Tips for remote studying
Last term was the first time that many of us had to work or study from home for a long period of time. This means that as a current uni student, I can offer some advice for the freshers of 2020.
Moving to a new city, making new friends, and starting academic study at a higher level can all be quite intimidating. But it’s important to remember that it will take time to find new rhythms, and that ultimately, you need to take care of yourself.
With that said, let’s get on with some tips for remote studying!
1) Try to set up a different space for working and resting
I know this one could be difficult, especially if you end up studying in your room more than in the library or cafes. But as a basic rule: try not to work in bed, and try not to watch Netflix at your desk.
If you can, separate your work and rest environments as much as possible. You will find that you can switch off and on more quickly, work more effectively, and have much better sleep.
2) Work with other people
Just because you need to socially distance doesn’t mean you can’t work with other people. Find out the spaces that are available to you, libraries, study rooms, cafes, even your kitchen/living space, etc.
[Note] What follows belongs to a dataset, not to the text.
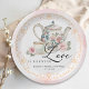 Serve up charm with this elegant “Love is Brewing” bridal shower paper plate! Featuring a vintage floral teapot, teacup, blush roses, and gold scroll detailing, this soft watercolor design makes a lovely addition to your tea party table. Personalized with the bride’s name and shower date, it’s the perfect blend of beauty and function for a stylish celebration.

Working with other people will help you not feel isolated, which is likely to happen if you’re working remotely and moving to a new uni at the same time.
If you can’t find anyone to physically work with, see if anyone from your course wants to work with you over Zoom. Even if you never talk, it’s nice to know that someone is there.
3) Make your own timetable for when you will watch lectures
Having recorded lectures can be a blessing and a curse. You no longer have to wake up for a 9am, or even get dressed, but on the flip side, it’s easy to fall behind if you keep putting the lectures off.
It’s helpful to make a weekly timetable of when to watch each lecture, rather than having to play catch up at the end of term. Trust me, you are way less likely to watch all your lectures if you have 15 of them piled up.
You can always make a timetable with other people from your course and watch the lectures together for extra motivation.
4) Make set times for work and rest
Working or studying from home means that the lines between work and rest are more blurred than ever. So on a similar vein as working and resting in different places, try to set “office hours” for yourself.
I know I work best from 10am-4pm, so I try and do the bulk of my work in this time and have a ‘no working after dinner’ rule.
This helps me avoid procrastination as much as possible, meaning that I don’t spend days on something which should only take a few hours. Above all, avoid all-nighters!
I hope these few tips are helpful, and feel free to let us know if you have another tip for remote learning.
You should also check out a series of recorded talks on ‘skills for remote study’ by the University of Oxford, which is currently accessible for anyone. And it is also worth checking to see if your uni has any specific advice on their website.